Events

Reflections on the ARC Conference

Last Friday I had the pleasure of presenting at the Archival Research Conference, sponsored by the Advanced Research Collaborative at The Graduate Center, CUNY. It was a wonderful opportunity to share my experiences working in the archives at Duke University, which I have discussed here and here. I was on the panel, “Mining Alternative Geographies of Race and Labor,” chaired by Professor Herman Bennett from the History program.

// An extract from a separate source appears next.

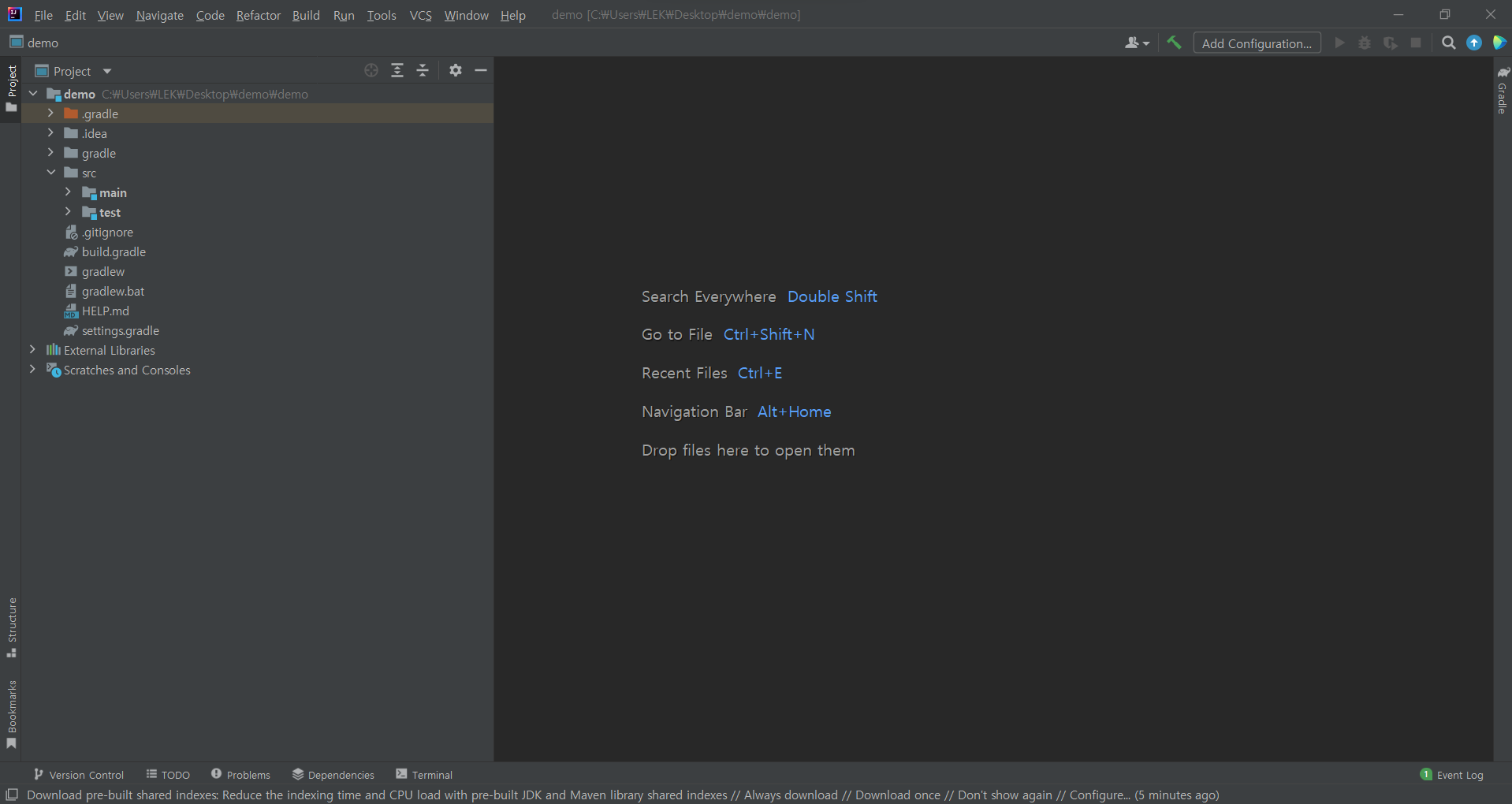 처음 인텔리제이를 사용하는 경우 설정을 위해 여러 라이브러리 등을 다양하게 다운 받기 때문에 반드시 네트워크에 연결되어 있어야하며, 컴퓨터 사양에 따라 일정 시간 소요될 수 있으니 세팅이 완료될 때까지 기다리면 된다.

My paper, “Traces of the Coolie: An Archival Encounter” was largely a reflective piece, showcasing some of the important letters and documents I was able to find in the “Ballard’s Valley and Berry Hill Penn Plantation Records, 1766-1873” that contained references to coolies and coolie labor. Presenting alongside supportive colleagues and to such a generous audience gave me the confidence to share my questions and concerns about the materials I came across in this collection and how I plan to incorporate them into my dissertation. Usually introducing work that is still “in progress” would be a daunting experience  for me, but I found it energizing to participate in a conversation about how we approach archival research, including how to negotiate the volume of the material we collect and how to grapple with what is missing or absent from the archive.

All in all, the conference was a resounding success and I hope that it will be a sign of more to come in the future at the Graduate Center. I was able to make connections with so many students from different programs, including history, anthropology, theatre, and musicology who I would never have been able to meet otherwise. Commiserating with each other about the challenges of working in and with archives as well as sharing in unexpected discoveries and detours that our own archival encounters led us on, were what made this conference different from any that I have participated in before. It was an enriching experience, especially for someone who is still relatively new to the practice of archival research.

A big thanks to Professor Duncan Faherty and my co-organizer Chris Eng for pulling off this fantastic event. Thanks also to the Advanced Research Collaborative for providing the funding that made this all possible in the first place!